Annette S. Lee, a former astronomy professor at St. Cloud State University, created this painting, titled Praying and Creating, in 2020. It is one of the works that will populate Saint John’s Art Center for the exhibition Indigenous Survivance through Oct. 29. There will be eight different exhibitions this academic year, four at Saint John’s University and four at the Benedict and Dorothy Gorecki Gallery in the Benedicta Arts Center at the College of Saint Benedict.
The effects of that history will come through in some of the art presented. For example, one painting depicts a monk using a spear to stab a Native American crucified on a cross, with Jesus running away in the background.
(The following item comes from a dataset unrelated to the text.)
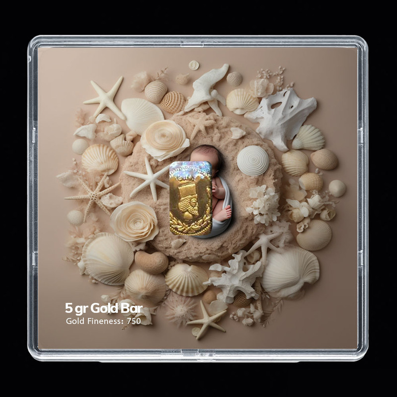 شمش طلا 18 عیار مدوپد مدل نوزاد و صدف کد SG10214

According to Zimmerman, Native art in any form is an act of survivance, telling a story of resilience and adaptability. He said the show will illustrate not only how Native people “are still here but that they always will be present and reflected in the fabric of American life.”
An artist reception will be held Sept. 8, and the Indigenous Survivance exhibition is made possible by grants from the CSB and SJU Indigenous Student Association, the Initiative for Native Nation Relations, and the Central Minnesota Arts Board.
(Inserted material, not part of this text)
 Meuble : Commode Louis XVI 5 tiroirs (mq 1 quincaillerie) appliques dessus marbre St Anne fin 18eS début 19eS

The first show of the season at the Benedict and Dorothy Gorecki Gallery in the Benedicta Arts Center opens Sept. 5. It will feature the work of fiber artists Aspen Mahon and Jennifer Plas. The show is titled New Traditions: Transitions in Fiber Art. There will be a reception for the artists on Sept. 15, and their work will appear until Oct. 15.
Mahon is a nurse at St. Cloud Hospital. Plas has a bachelor’s degree in fine art from St. Cloud State. Together, they blur the line between art and craft, bringing a question of utility to their pieces. Is art made to be used, or simply observed? They would suggest both.
“This is going to be their first show,” Pflueger said. “Some of their creations are wearable. You might see dyed yarn used in a blanket, where different colors represent different moods they may have been experiencing at the time. Their pieces turn their feelings into visual events.”
The rest of the visual arts schedule includes: a show by photographer Xavier Tavera, Oct. 24-Dec. 3 at CSB; fiber art representing Anecdotal Architecture by Liz Miller, Nov. 8-Dec. 16 at SJU; a mixed media display by art faculty members Scott Murphy and Elaine Rutherford, Dec. 12-Feb. 25 at CSB; a show by Minneapolis-based painter Erik Benson, Jan. 17-March 17 at SJU; a juried exhibition of ceramic art by The Color Network, titled Muliebris: Femme Feminine Femininity, March 13-May 8 at CSB; and a celebration of senior art theses, April 1-May 6 at SJU.
The CSB gallery is open from 10 a.m. to 9 p.m., Monday through Saturday. The SJU gallery is open from 2-6 p.m. on Tuesday, Wednesday, Friday and Saturday, and 2-8 p.m. on Thursday.